Figure 3. RT-qPCR validation of differentially expressed miRNAs. RNA was isolated from exosomes released by infected versus uninfected human MDMs. Five target miRNAs and one normalizing (constant) miRNA (miR-16) were amplified from reverse transcribed RNA. Raw Ct values were normalized to the mean CT of the normalizing miRNA (hsa-miR-16). The 2^-ΔΔCt method was used to calculate fold differences from the mean delta CT of uninfected macrophages. A paired t-test was used to establish significance. Data for the fifth candidate, hsa-miR-1305, are not shown because Ct values were below the detection threshold. *p<0.05, **p<0.01, ns, not significant.

3.3 Target prediction and pathway analysis prediction

miRNAs released from mammalian cells will often contribute synergistically to modify pathways, which may be easier to detect than changes in expression of individual genes. The two miRNAs shown on validation assays to be significantly differentially expressed in exosomes from infected compared to uninfected cells were hsa-miR-223-3p (increased) and hsa-miR-1285-5p (decreased). We generated a list of predicted targets of these two miRNAs using miRDB (Version 6.0, https://mirdb.org/) and TargetScan Human (Release 8.0, https://www.targetscan.org/vert_80), listed in Supplementary Table S2. A total of 228 genes were. predicted targets of the two miRNAs, indicated in column K of the table.

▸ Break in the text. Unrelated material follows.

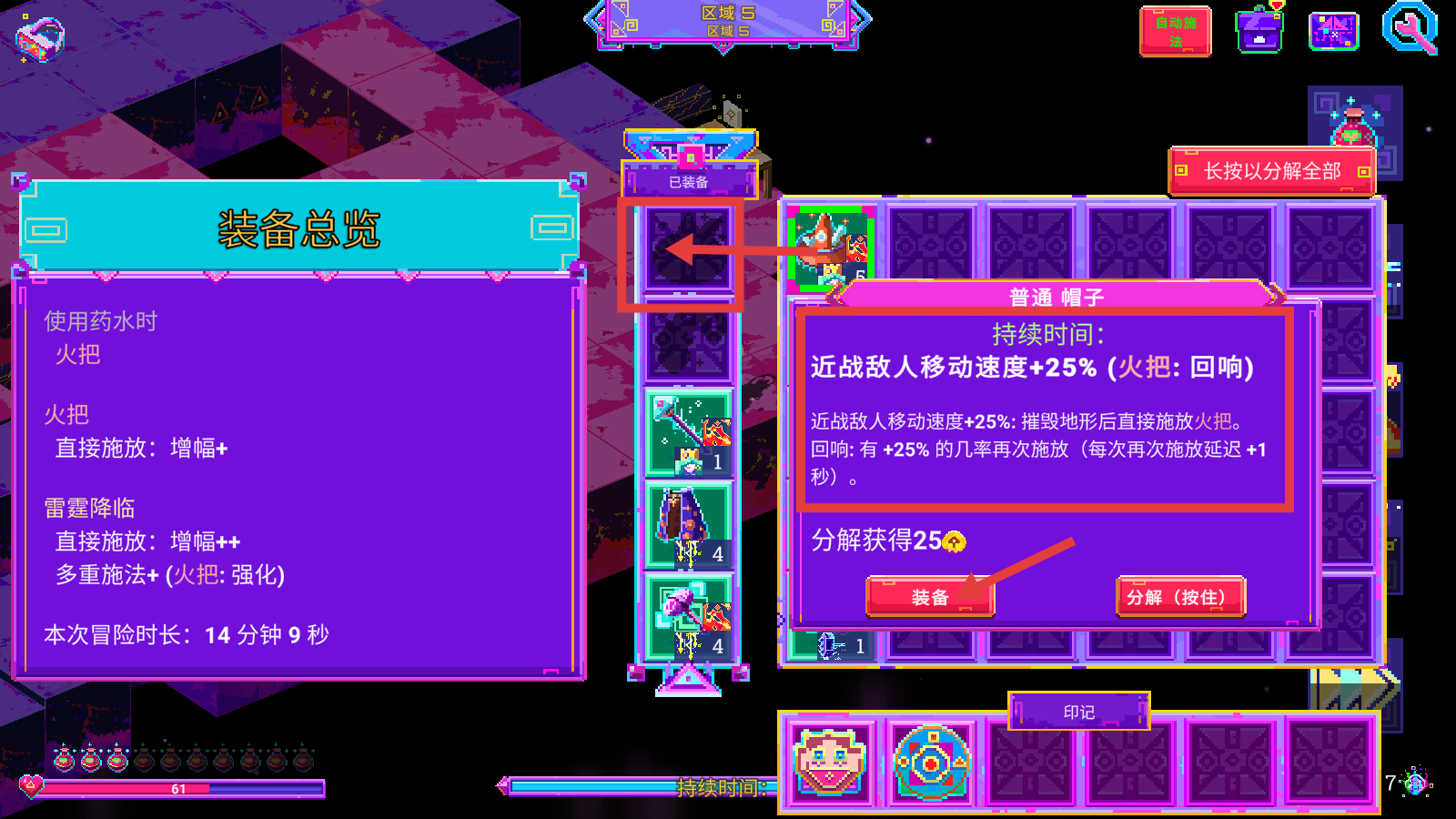 2、进入装备总览界面,查看【普通帽子-近战敌人移动速度+25%】属性,选择【装备】提升战力或分解获取25金币。
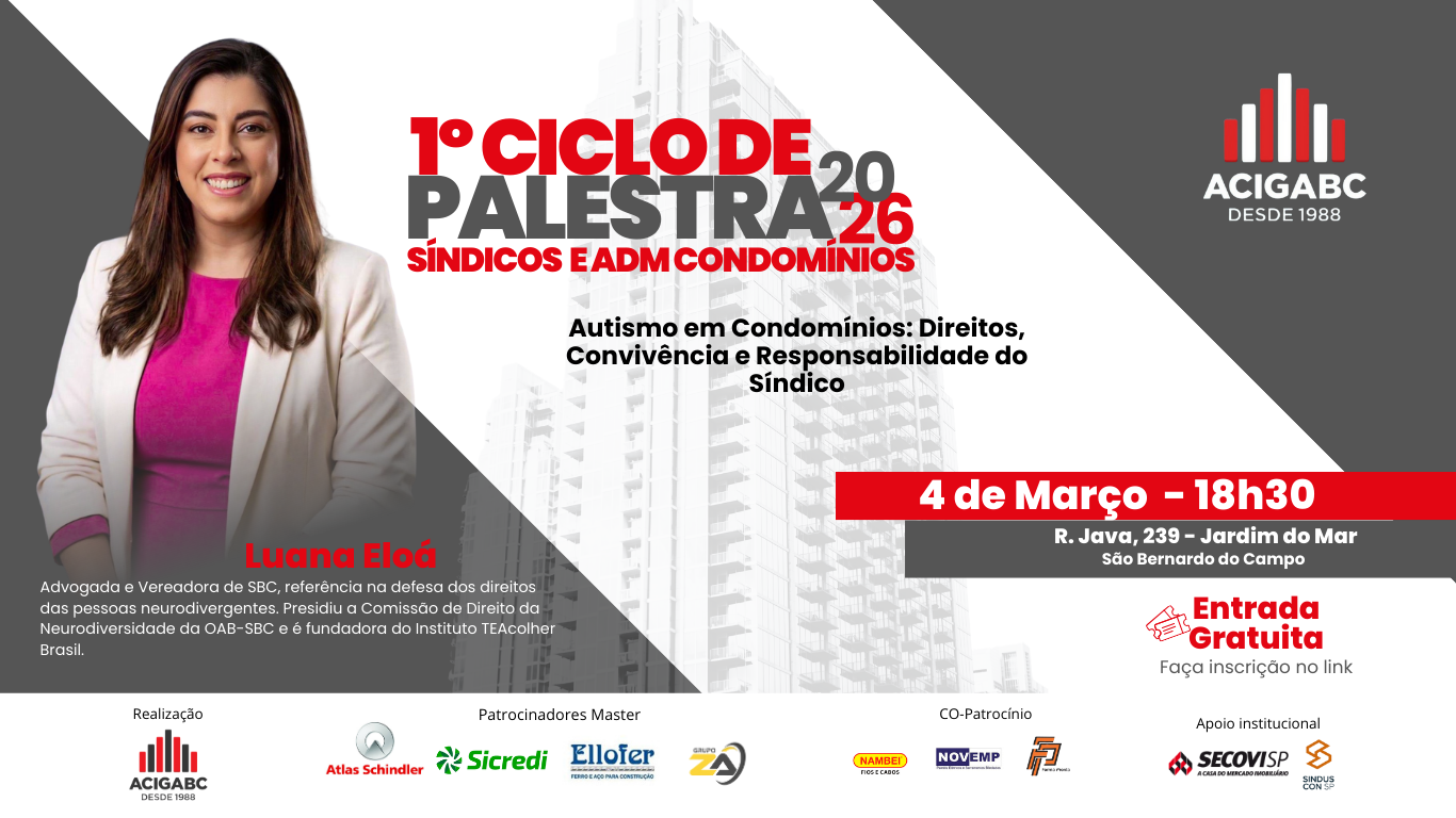 Advogada, vereadora e fundadora do Instituto TEAcolher Brasil, Luana Eloá traz uma abordagem prática sobre neurodiversidade, inclusão e responsabilidade nos condomínios, contribuindo para uma gestão mais humana, consciente e alinhada à legislação.

As the list was long, the predicted target genes for each miRNA were further analyzed using the Panther Pathway Analysis Program, which is based on Gene Ontology in the Panther suite of programs (Version 18.0, www.pantherdb.org). Data are summarized in Figure 4. “Inflammation mediated by chemokine and cytokine signaling” (P00031) was one of the top pathways represented among the predicted target pathways for both hsa-miR-223-3p and hsa-miR-1285-5p (Figure 4). Other top pathways shared by both lists included “Gonadotropin-releasing hormone receptor pathway” (P06664) and “Wnt signaling pathway” (P00057) (Figure 4). However it must be noted that infection led to up-regulation of hsa-miR-223-3p but significant down-regulation of hsa-miR-1285-5p (See Figure 3). Thus they would be predicted to have opposing effects on the same target genes. Thus it may not be surprising that study of the miRNA predicted targets contributing to the “Inflammation mediated by chemokine and cytokine signaling pathway” for each miRNA revealed only two predicted gene targets in common, PKCS1 and SOCS5 (Supplementary Table S2). For the above reason, we viewed it wisest to proceed with validation of targets of individual miRNAs.

Figure 4

Figure 4. Pathway analysis of hsa-miR-223-3p and hsa-miR-1285-5p predicted gene targets. Target mRNAs for each of the two validated miRNAs were generated using miRDB and TargetScan. These were concatenated and uploaded into the Panther Gene Ontology pathway analysis program. Pathways that were significantly represented in these lists are shown in barplots for (A) hsa-miR-223-3p and (B) hsa-miR-1285-5p.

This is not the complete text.